Insbesondere die Höhe der im Entwurf ausgebrachten Globalansätze ist verfassungsrechtlich fragwürdig. Es liegt nahe, dass damit der Haushaltsgrundsatz der Klarheit und Wahrheit verletzt wird. Erheblichen verfassungsrechtlichen Bedenken begegnen auch die – noch zu beschließenden – Änderungen im einfachen Haushaltsrecht zur „periodengerechten“ Veranschlagung von Zinsausgaben sowie die Eigenkapitalzuführung und Darlehensgewährung an die Deutsche Bahn.

Der Haushaltsentwurf und seine Entstehung

Der Regierungsentwurf für den Bundeshaushalt 2025 enthält globale Haushaltspositionen – d.h. solche Positionen, die zwar eine bestimmte Höhe ausweisen, aber sachlich nicht einem bestimmten (Sach-)Titel zugeordnet sind – in Höhe von insgesamt knapp 50 Milliarden Euro. Darin enthalten sind allgemeine Globale Minderausgaben (sog. Bodensatz-GMA) in Höhe von rund 12 Milliarden Euro, was rund 2,5 Prozent des Gesamthaushaltsvolumens von 488,61 Milliarden entspricht. Dazu kommen Globale Mehreinnahmen (GME) und Globale Mindereinnahmen im Saldo von 6,93 Milliarden Euro. Diese hohen Globalansätze erklären sich dadurch, dass sich die Bundesregierung im Zuge der Haushaltsaufstellung nicht auf konkrete Ausgabenkürzungen einigen konnte, um den verfassungsrechtlich zwingenden formalen Haushaltsausgleich (Art. 110 Abs. 1 Satz 2 GG: „Der Haushaltsplan ist in Einnahme und Ausgabe auszugleichen.“) zu erreichen.

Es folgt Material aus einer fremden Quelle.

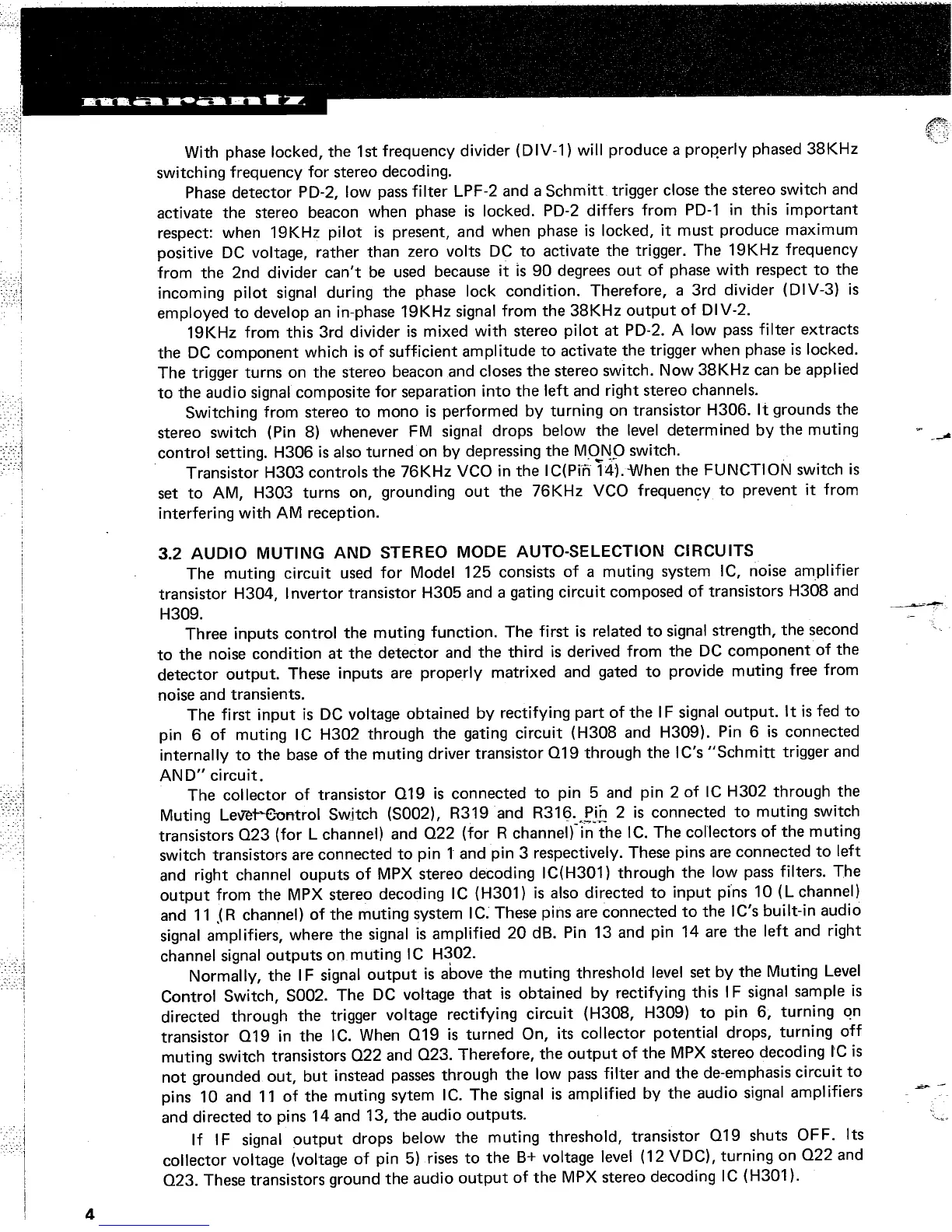 Marantz 125 - AUDIO MUTING AND STEREO MODE AUTO-SELECTION CIRCUITS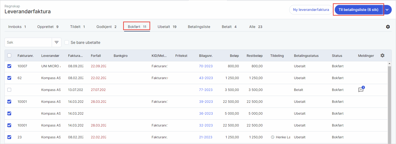 Er du på fanen Bokført eller Ubetalt, klikker du på Til betalingsliste.
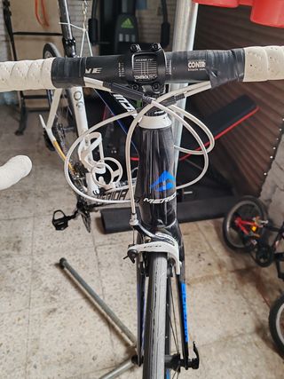 Bicicleta de carretera Megamo R10 en color blanco. Talla L - Cuadro de aluminio. - Ruedas de 700c. - Frenos de disco. - Transmisión Shimano. Se vende por falta de uso, está como nueva.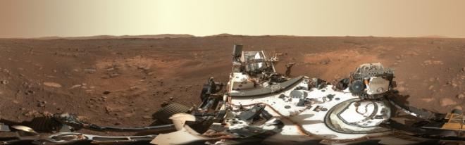 появилась первая круговая панорама высокого разрешения, снятая 21 февраля с помощью стереокамер с возможностью масштабирования Mastcam-Z. Отмечается, что в основу изображения легли 142 фотографии, а полная версия снимка занимает 52 мегабайта в сжатом формате JPEG или 610 мегабайт в TIFF.

Ein im September 2024 von Kube im Auftrag der CDU/CSU-Fraktion erstattetes rechtliches Kurzgutachten äußert erhebliche verfassungsrechtliche Bedenken gegen den Regierungsentwurf – vor allem im Hinblick auf die Vereinbarkeit der Globalansätze mit dem verfassungsrechtlichen Haushaltsgrundsatz der Klarheit und Wahrheit.

Globale Minderausgaben (GMA) und Globale Mehreinnahmen (GME)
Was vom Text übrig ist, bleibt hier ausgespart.